Hi!,
I wanted some help in identifying a robust NLS that works in C.elegans. I know the strain ccis4251 (pmyo-3::NLS-GFP), looks quite nice. Does anyone know the exact sequence of this or any other NLS?
Thank a lot!!!
Hi!,
I wanted some help in identifying a robust NLS that works in C.elegans. I know the strain ccis4251 (pmyo-3::NLS-GFP), looks quite nice. Does anyone know the exact sequence of this or any other NLS?
Thank a lot!!!
Not sure…but seems you can try this:
http://cubic.bioc.columbia.edu/services/predictNLS/
Hope it helps,
Luv
You might want to look at either of two previous threads in the forum: 1, 2.

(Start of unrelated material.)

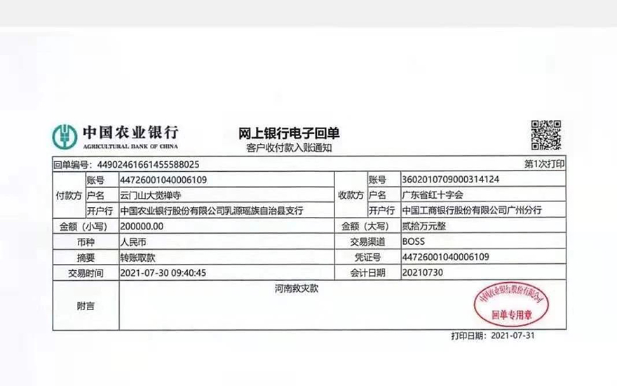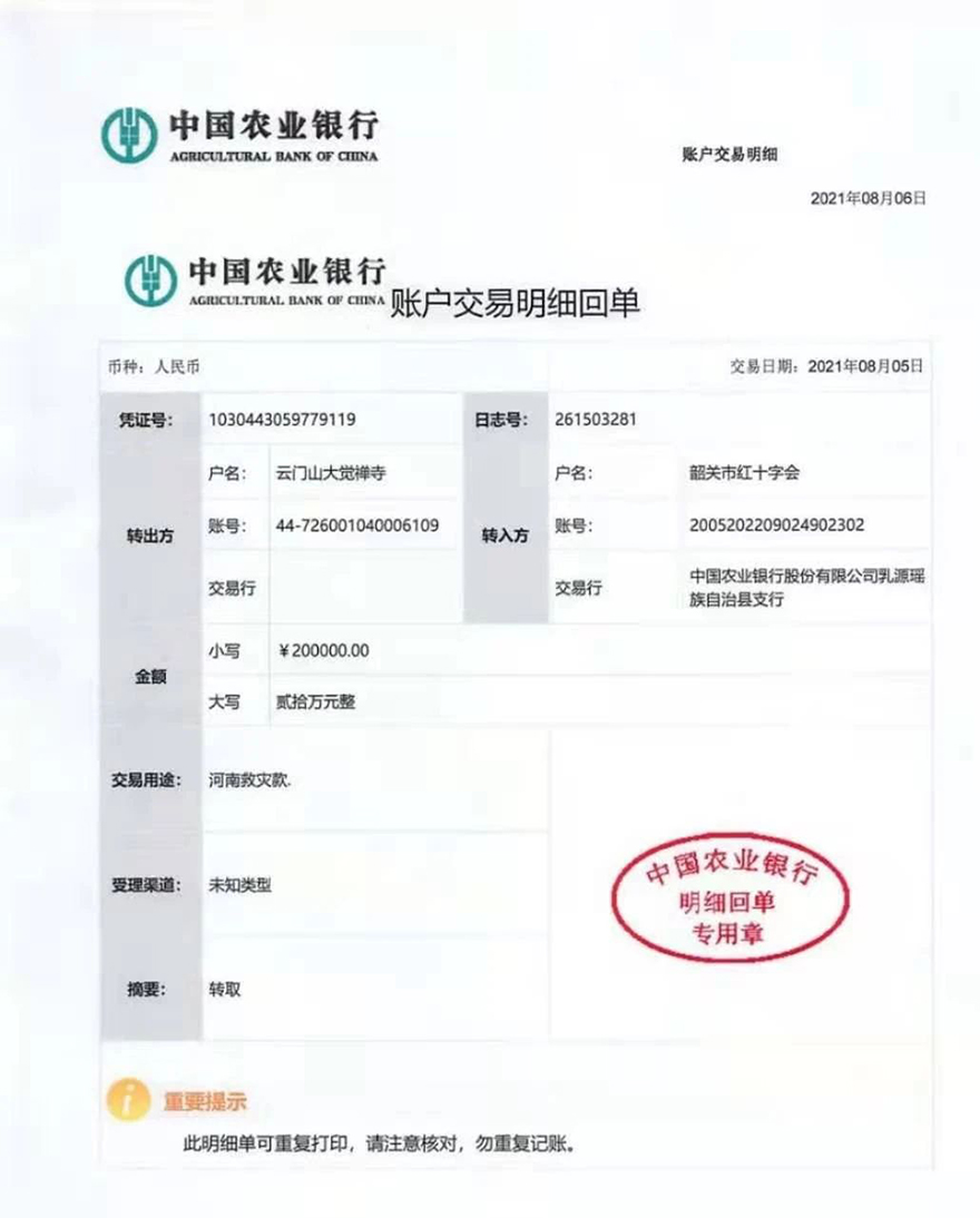 为了帮助灾区群众度过危机,韶关云门寺及十方善信秉着庄严国土、利乐有情、慈悲济世、爱国爱教的优良传统,于7月30号向广东省红十字会捐赠20万善款;8月5号再向韶关市红十字会捐赠20万善款,总计四十万元善款。通过广东省、韶关市红十字会将善款捐往灾区。(文图/云门祖庭)

I don’t know for certain with ccIs4251, but I strongly suspect it was made with the Fire vectors and contains the SV40NLS + LacZ fragment used in some of the Fire Vectors - it definitely contains an NLS and a LacZ fragment, as you can see at its transgene page or in the paper that first published it. In any case, the SV40 NLS used in the Fire vectors certainly works well (the LacZ fragment is there just to provide size and reduce diffusion out of the nucleus). The complete sequences of the Fire vectors are online, and although I’m not sure how well the sequences are annotated if you compare related versions - for example, with and without the SV40NLS-LacZ construct, or if you also compare to the 4xNLS constructs in a later version of the Fire Vector kit - you should readily be able to figure out what the localization signal is and how it was inserted in the plasmids.
I think the SV40 NLS in the Fire plasmid collection is reasonably well annotated. For example, I did a quick search for the NLS sequence in the pPD 93.65 vector and the sequence is ATGACTGCTCCAAAGAAGAAGCGTAAGGTACCGGTAGAAAAA
Good luck
Alternatively, if you simply want to force a fluoraphore to go to the nucleus many people tag H2B (his-58).